Let’s learn some Vatican history..
The Vatican City, also called simply the Vatican , is the smallest independent state in the world, both in terms of number of inhabitants, or 453, and of territorial extension with just 44 hectares of surface. It is partly circumscribed by the Vatican walls and extends, over the basilica of St. Peter , up to a band of travertine that joins the external ends of the colonnade to the ground, marking the border of the state at the edge of the square, which is usually accessed freely.
The Vatican City State arose following the Lateran Treaty , signed on 11 February 1929, between the Holy See and Italy, which sanctioned its personality as a sovereign body under international public law, established to ensure the Holy See , in its capacity as the supreme institution of the Catholic Church, “absolute and visible independence and guaranteeing it an indisputable sovereignty even in the international field”, as indicated in the preamble of the aforementioned Treaty.
The legal nature of the state
The form of government is absolute monarchy.

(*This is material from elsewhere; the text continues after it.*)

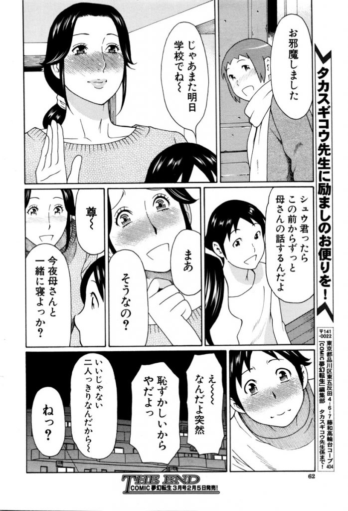 - >【エロ漫画】息子の友達の巨根を見て衝撃を受けた欲求不満なバツイチ熟女が甘えられて母性がくすぐられ肉欲に負け性教育!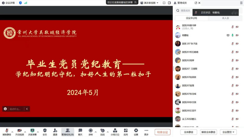 5月28日晚,学院学生党支部开展毕业生党员线上党纪教育学习,会议由党支部书记杨馥瑜老师主持,支部全体毕业生党员参会。

The Supreme Pontiff, Sovereign of the Vatican City State, has full legislative, executive and judicial powers. During the period of vacancy, the same powers belong to the College of Cardinals , which, however, may issue legislative provisions only in cases of urgency and with effect limited to the duration of the vacancy, unless they are confirmed by the Supreme Pontiff subsequently elected according to the law. canonical.
The Vatican term
The Vatican City inherits its name from the hill, located on the right bank of the Tiber, on which it stands. The term derives, according to some – including the Latin author Marco Terenzio Varrone, reported by Aulus Gellio – from the name of an ancient Roman deity, Vaticanus , while others claim it derives from the Latin verb vaticinàri , in Italian “predire”, assuming that several oracles were active in the area. Sesto Pompeo Festus remembers, in fact, how this was a meeting place for some Etruscan fortune-tellers. Pliny the Elder, on the other hand, tells of the existence on the hill of a holm oak believed to be the oldest in Rome, to which magical powers were attributed and on whose trunk was affixed a bronze sign with some Etruscan letters.
Saint Peter’s Church
The construction of the current St. Peter’s Basilica was begun on April 18, 1506 under Pope Julius II and ended in 1626, during the pontificate of Pope Urban VIII, while the arrangement of the square in front was only completed in 1667. On the same site, before of today’s basilica, there was another dating back to the fourth century, built by the Roman emperor Constantine I on the area of the circus of Nero and a contiguous necropolis where tradition has it that St. Peter, the first of the apostles of Jesus, had been buried after his crucifixion.
What to see of the Vatican outside and inside the walls?
- the St. Peter’s Basilica . The history of this basilica and its symbolic value: only this could – or should – trigger the spring of curiosity. A tip: climb the dome, and from up there… look at Rome!
- the Pietà by Michelangelo . Buonarroti could not have sculpted something more similar to reality and pain. The desperation of the face of the Madonna and the suffering body of Christ give shape to a sculpture that cannot fail to be admired.
- the Sistine Chapel . You could spend hours and hours with your nose upwards to discover ever new details that leave you breathless.
- the Vatican Museums . The most beautiful museum in the world, consisting of many rooms and places such as the courtyard of the Pigna , the Chiaramonti museum , the Pio-Clementino museum , the gallery of candelabra , the gallery of tapestries , the gallery of geographical maps , the Sobieski room , the room Immaculate Conception , the Raphael rooms , the museum of modern Art and contemporary and Art Gallery .
- the Sacred Vatican Grottoes. They lie under the central nave of the basilica where, in addition to the tombs of various popes and rulers, there are early Christian sarcophagi, architectural and ornamental fragments and various monuments from the old basilica.